The multi-channel excitation coil set comprises a plurality of excitation electromagnetic coils with different excitation directions and is used for exciting the magnetic particles along different directions.

In the embodiment shown in fig. 1, the multi-channel excitation coil includes a first excitation coil 1, a second excitation coil 2, a third excitation coil 3, and a fourth excitation coil 4; the direction of a main magnetic field generated by the first exciting coil 1 is a negative z-axis direction, the direction of a main magnetic field generated by the second exciting coil 2 is a positive z-axis direction, the direction of a main magnetic field generated by the third exciting coil 3 is a positive x-axis direction, and the direction of a main magnetic field generated by the fourth exciting coil 4 is a negative x-axis direction.

The excitation electromagnetic coil of the multi-channel excitation coil group surrounds the imaging field of view of the three-dimensional magnetic particle imaging system:

taking the center of the imaging view field as the origin of the three-dimensional coordinate system, and respectively placing the excitation electromagnetic coils of the multi-channel excitation coil set in the negative direction of the z axis, the positive direction of the x axis and the negative direction of the x axis of the three-dimensional coordinate system; the direction is the main magnetic field direction generated by the exciting coil, and the object to be imaged can enter the FOV of the imaging field of view along the y-axis direction.

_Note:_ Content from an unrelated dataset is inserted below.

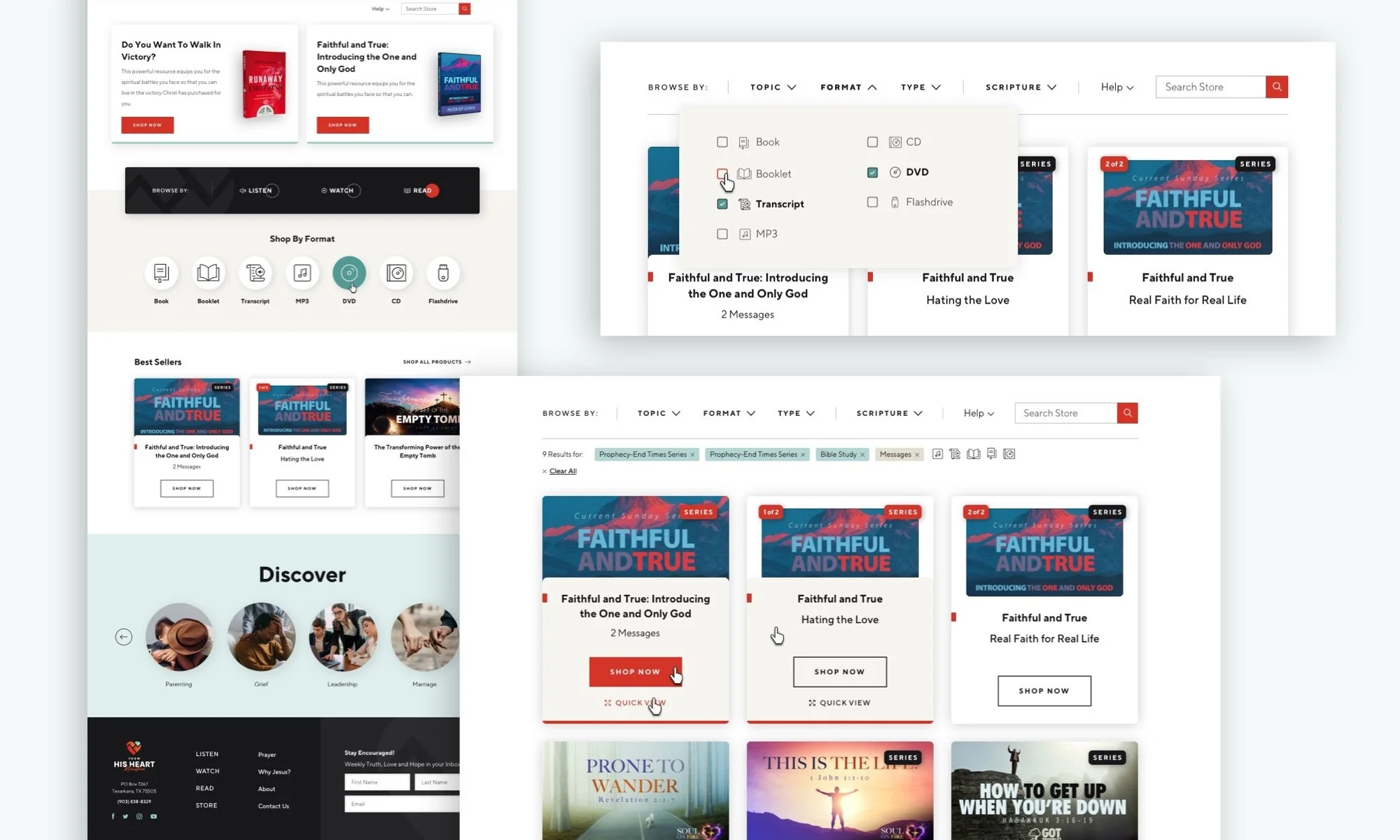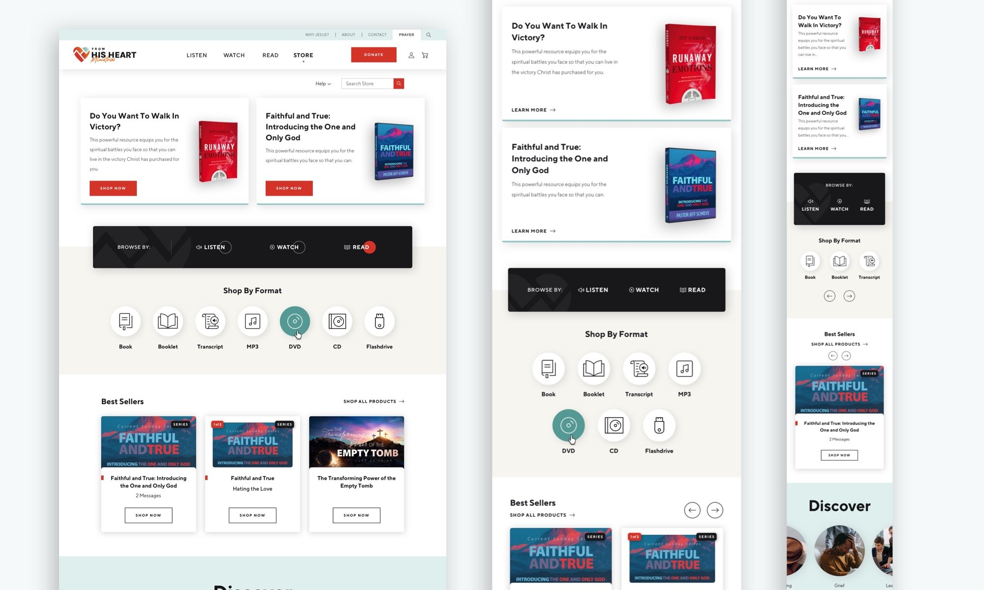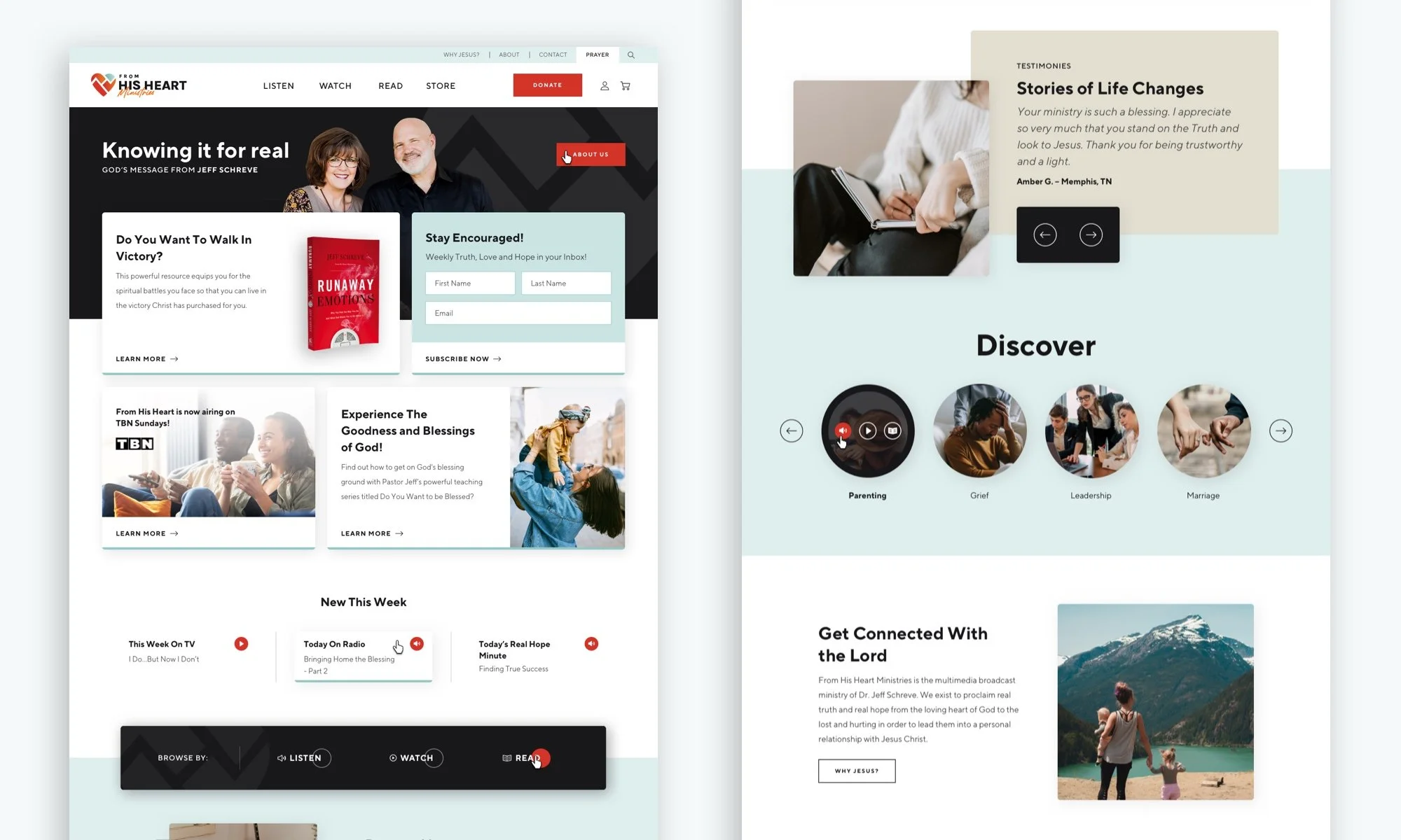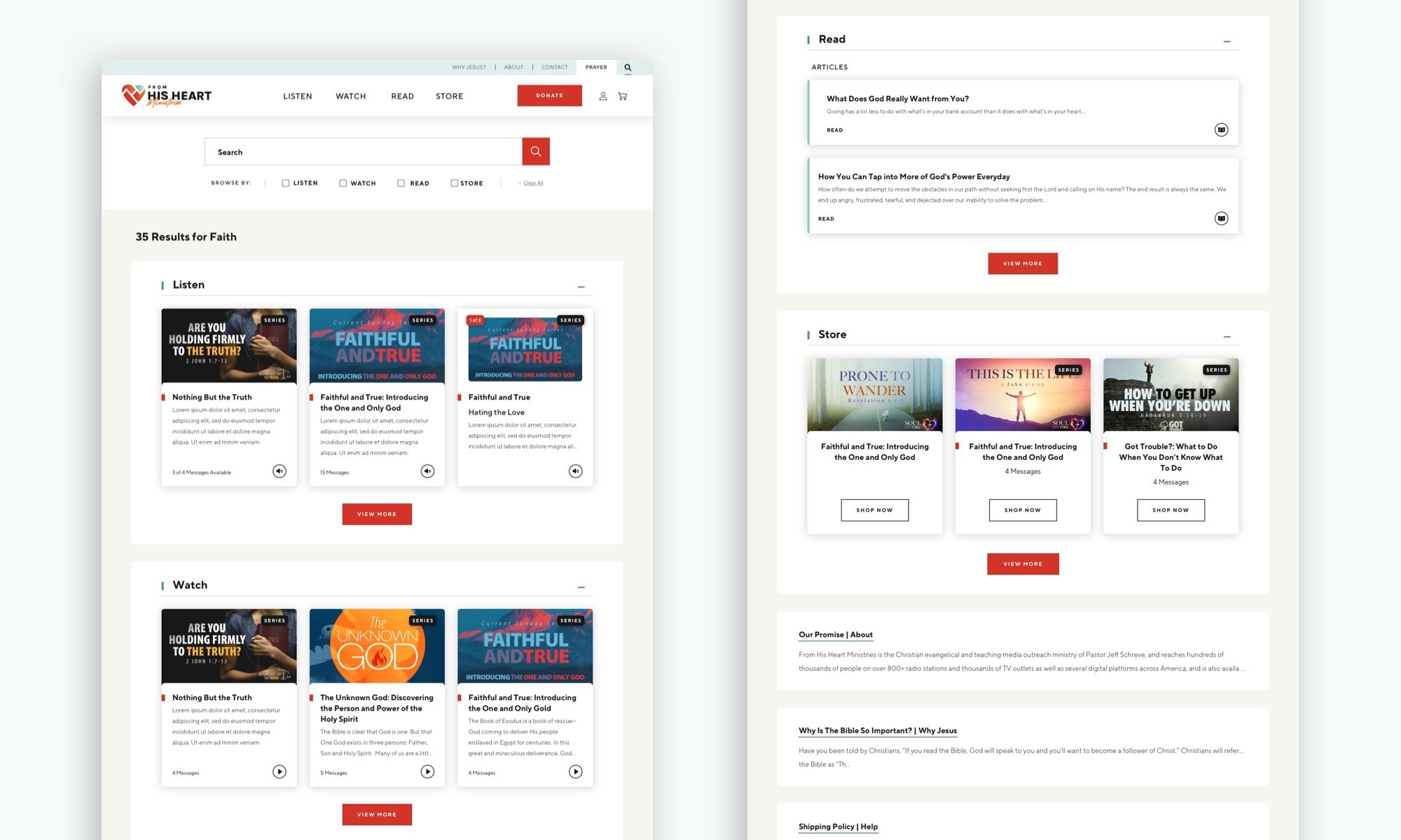 With the large volume of content being received in a variety of formats, they needed a better way to organize their website. In addition to this full custom website design, please also see the related From His Heart rebrand project.

The multi-channel detection coil set comprises a plurality of detection coil arrays, and each detection coil array in the plurality of detection coil arrays comprises a plurality of detection electromagnetic coils which are used for detecting response voltage signals of magnetic particles at different spatial positions and different angles.

In the embodiment shown in fig. 1, the multi-channel detection coil set includes a first coil array 5, a second coil array 6, a third coil array 7 and a fourth coil array 8; each coil array is composed of a plurality of small electromagnetic coils and is used for detecting response signals generated by the magnetic particles at different spatial positions in a multi-angle mode.

The detection coil array of the multi-channel detection coil group and the excitation electromagnetic coils of the multi-channel excitation coil group are correspondingly arranged one by one:

each detection coil array is arranged on one side, close to the imaging view field, of each corresponding excitation electromagnetic coil and is used for detecting response voltage signals generated by magnetic particles at different spatial positions in a multi-angle mode.

The alternating current power supply set comprises a multi-channel signal generator and a power amplifier, and is used for supplying power to the multi-channel exciting coil set:

and the multi-channel signal generator is used for generating a current waveform required by the electrified coil group, and the current waveform is one of sine wave, triangular wave and pulse square wave.

And the power amplifier is used for amplifying the current waveform generated by the multi-channel signal generator to a set size and supplying power to the multi-channel exciting coil group based on the amplified current waveform.

And the channel control unit is used for switching the exciting coils in different directions in the exciting coil group to excite the magnetic particles in different directions.

And the signal conditioning unit is used for amplifying and filtering the response voltage signals detected by the multi-channel detection coil group.

And the image reconstruction unit is used for carrying out digital signal processing and three-dimensional magnetic particle image reconstruction according to the response voltage signal after amplification and filtering processing.

The three-dimensional magnetic particle imaging system further comprises a display unit for displaying the three-dimensional magnetic particle image reconstructed by the image reconstruction unit.

A plurality of excitation electromagnetic coils with different excitation directions, wherein only one excitation electromagnetic coil generates an excitation magnetic field at a certain time:

when any exciting electromagnetic coil generates an exciting magnetic field, all the detection coil arrays simultaneously detect magnetization response voltage signals generated by magnetic particles, the detection coil arrays in the same direction as the exciting magnetic field are used for detecting magnetization response voltage signals in the main magnetic flux direction generated by the magnetic particles, and the detection coil arrays perpendicular to the exciting magnetic field are used for detecting magnetization response voltage signals in the leakage magnetic flux direction generated by the magnetic particles.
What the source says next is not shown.